Indeed. In MCL the difference is a factor 10. Zowie!
> Here is my reasoning why this is so:
> I think that the use of logbitp and integer-length enables the
> implementation to reduce consing here. The ASH will allocate a new bignum
> per cycle in your code while increasing the bitcounter i in mine will not.
Sounds plausible.
E.
In article <············@rznews2.rrze.uni-erlangen.de>, Jochen Schmidt
<···@dataheaven.de> wrote:
> The other optimization would be to use montgomery representation for the
> numbers. This would mean having a conversion step at the beginning and
> then
> using "montgomery-multiplication" instead of (mod (* ...) modulus). If
> the
> result is calculated one converts it from montgomery representation to
> normal representation back. This allows one to leave out the MODs.

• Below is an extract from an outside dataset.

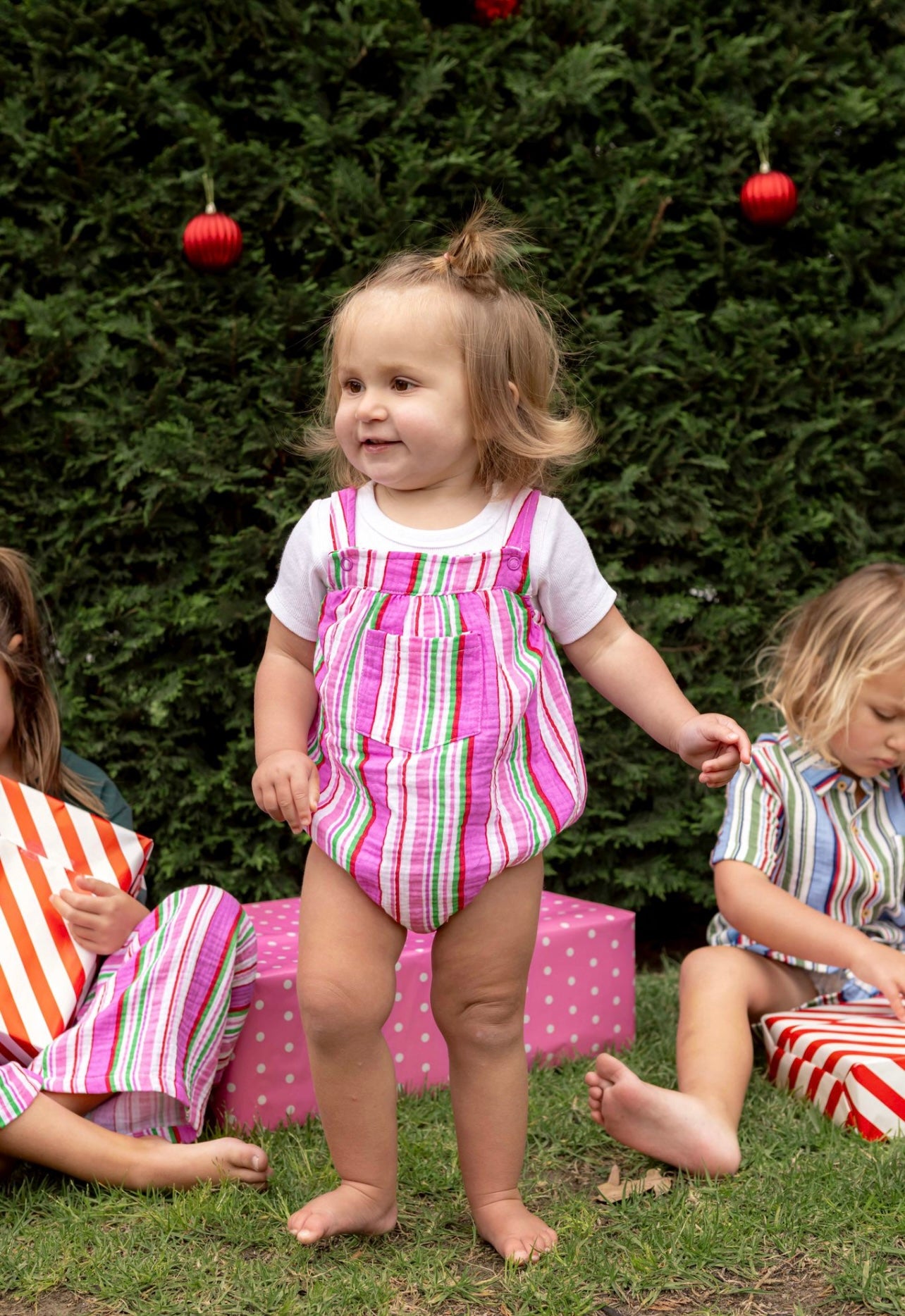 Milky Clothing Crinkle Stripe Playsuit is your go-to for easy, breezy summer days. With cross over shoulder straps, soft crinkle cotton fabric, and a playful vertical stripe, this one-piece wonder is as comfy as it is cute. Just pop it on and you’re ready to go . Lightweight and fuss free, it’s designed for warm weather adventures and all day comfort.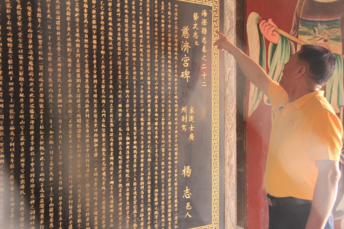 顏國強比劃著東宮後殿,說明在1990年代,台灣同胞就已經捐款贊助青礁祖廟重修,之後兩岸往來不絕,保生文化節也已經連續辦了19年。

In C, it is certainly true that the Montgomery representation speeds up
modular exponentiation dramatically. In Common Lisp, it's more murky.

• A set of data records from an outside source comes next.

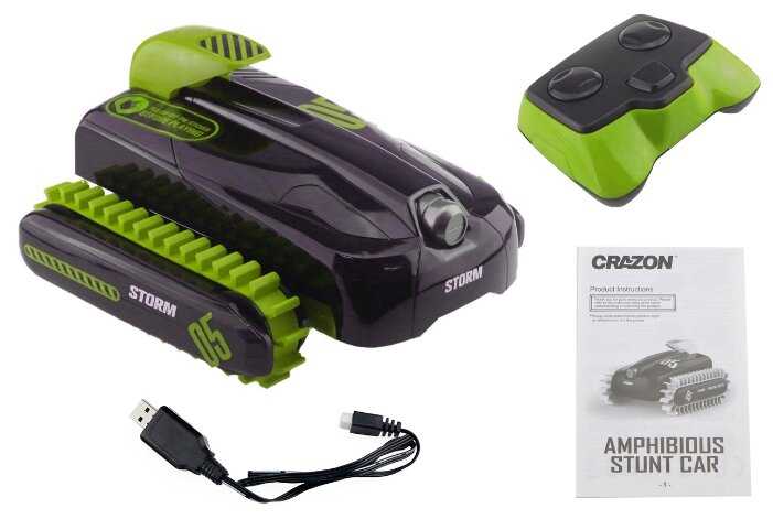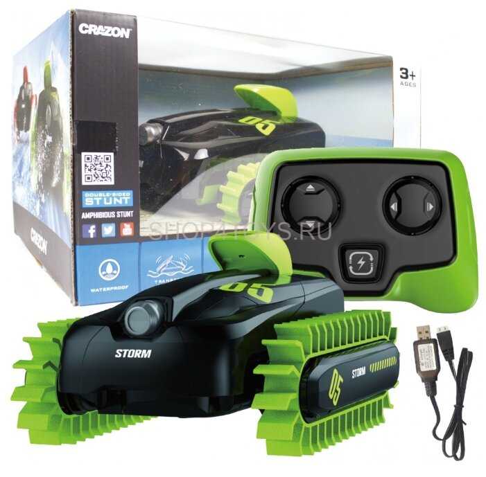Очень шустрая машина, быстро ездит. Махом разворачивается на месте. Нажатием кнопки на пульте превращается в амфибию и может плавать в воде.
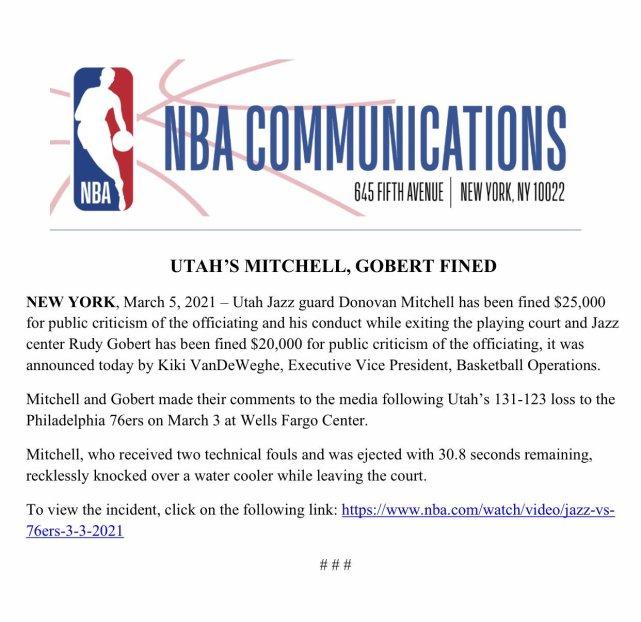 虽然裁判表现不佳,但联盟一向禁止球员在赛后公开批评裁判,米切尔和戈贝尔的这两张罚单也在意料之中。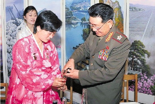 朝鲜五一劳动节庆祝活动1日在新建的平壤金正淑纺织工厂举行。图为黄炳誓(右)为工人代表倒饮料。 视野网供图
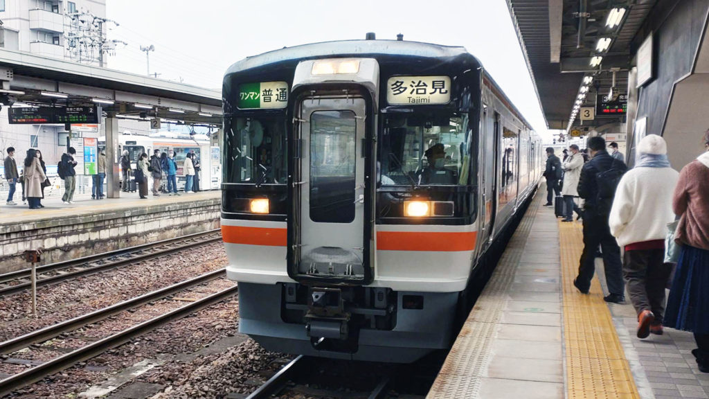 多治見駅からは名古屋駅方面からやってきた中央線の列車に乗ります。車両は211系5000番台。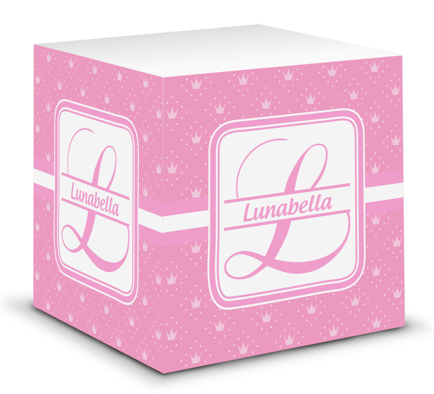 This note cube features 700 sheets of matte, white paper. Each sheet measures at 3.5 by 3.5 inches and has an adhesive strip at its top. Your personalized design is displayed on all four edges of the sticky pad.

Montgomery representation lets you do modular multiplies with shifts
instead of divides for the modulus operation. But in Common Lisp, shifts
of bignums typically cons, and may not be much faster than divides.

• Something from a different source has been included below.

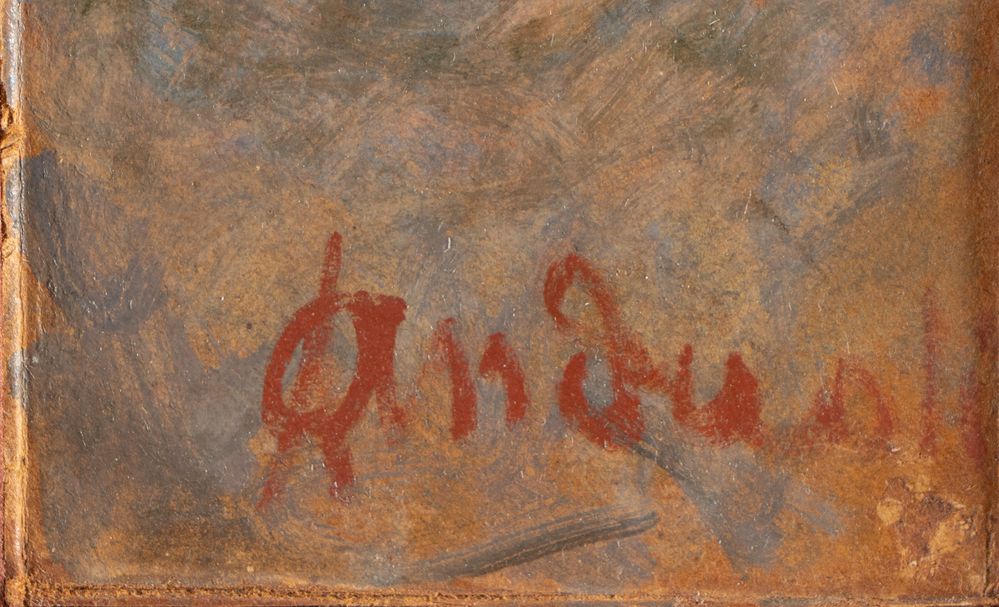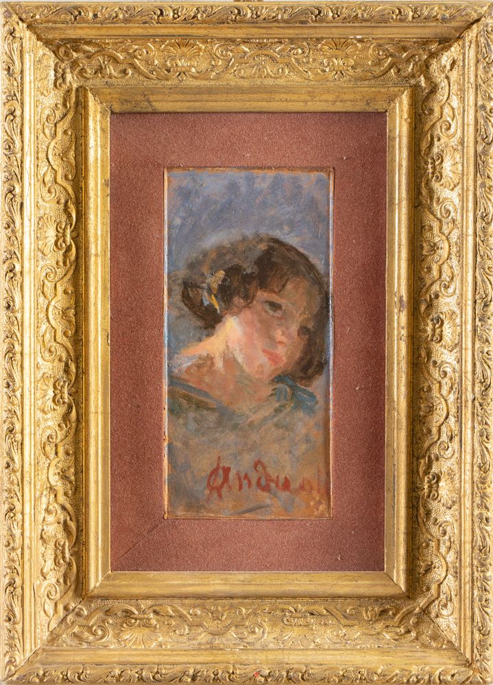 ATTILIO ANDREOLI (Chiari 1877 – Verbania 1950) "La bimba". Olio su cartone. Cm 21x10.

It depends on your implementation.
Other optimizations are worth trying too. For example, the Karatsuba
formulation is a good way to optimize multiplication of large numbers in
general, regardless of modulo operations (Montgomery only applies to
modular multiplication). Karatsuba is elegantly recursive and
substitutes two additions for one of the four needed sub-multiplications
at each step. (Do a Google search on Karatsuba for more information).
Karatsuba can multiply in O[N^1.585] operations instead of O[N^2]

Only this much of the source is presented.